I do not believe that the 1963 amendment to the Workmen’s Compensation Act was intended, either expressly or covertly, to permit an enlargement of compensation liability into the area of health coverage during the time period of employment. In fact, a close reading of the statute and the history reveals that it was intended to reenforce the previous judicially announced requirements of proof in workmen’s compensation cases where there was no observable or objectively identified accident external to the surface of the body.
Manual effort and lifting strain, of course, are inherent in the ordinary course of employment, as of course is clearly demonstrated in the type of employment present in this case. The door is now thrown open to the establishment of a hindsight connection between some effort on the job and a contemporaneously suffered stroke by the employee.
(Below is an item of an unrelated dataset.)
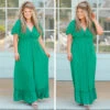 This beautiful maxi absolutely belongs in your closet! The bold palm color is perfect for any event and the wrap bust is so trendy! This cutie has a ruffle hem for a little added sweetness! Style it with some amazing heels and a great purse to look and feel like a million dollars!

The connection was sustained by medical testimony that this could have been a contributing or could have been a precipitating factor. I submit that this not only fails to meet the factual requirements of proof set out in our statute and in our judicial decisions but is contrary to the purposes and objectives of the Workmen’s Compensation Act and the amendment in 1963 to the statute. It effectively prevents an employer or his insurer from being able to factually check or investigate the claimed accident occurring suddenly and violently and producing objective symptoms at the time of the injury. It is common knowledge that there is a *770much greater incidence of stroke in men in their 50’s and 60’s. The query arises as to whether the holding of this court today allowing liability for a stroke under these circumstances would prevent employers from assuming the risk of employing otherwise competent men because of the tremendously enlarged liability for death and total disability arising from this type of “accident.” Nor do I believe that the trial or decision in a compensation case should be converted into “medical speculation as to judicial credulity or judicial speculation as to medical credibility.” The decision in the Workmen’s Compensation Court was divided. I can come to no other conclusion but that this case has failed on factual proof under the most liberal interpretation that can be permitted of the Workmen’s Compensation Act as amended in 1963.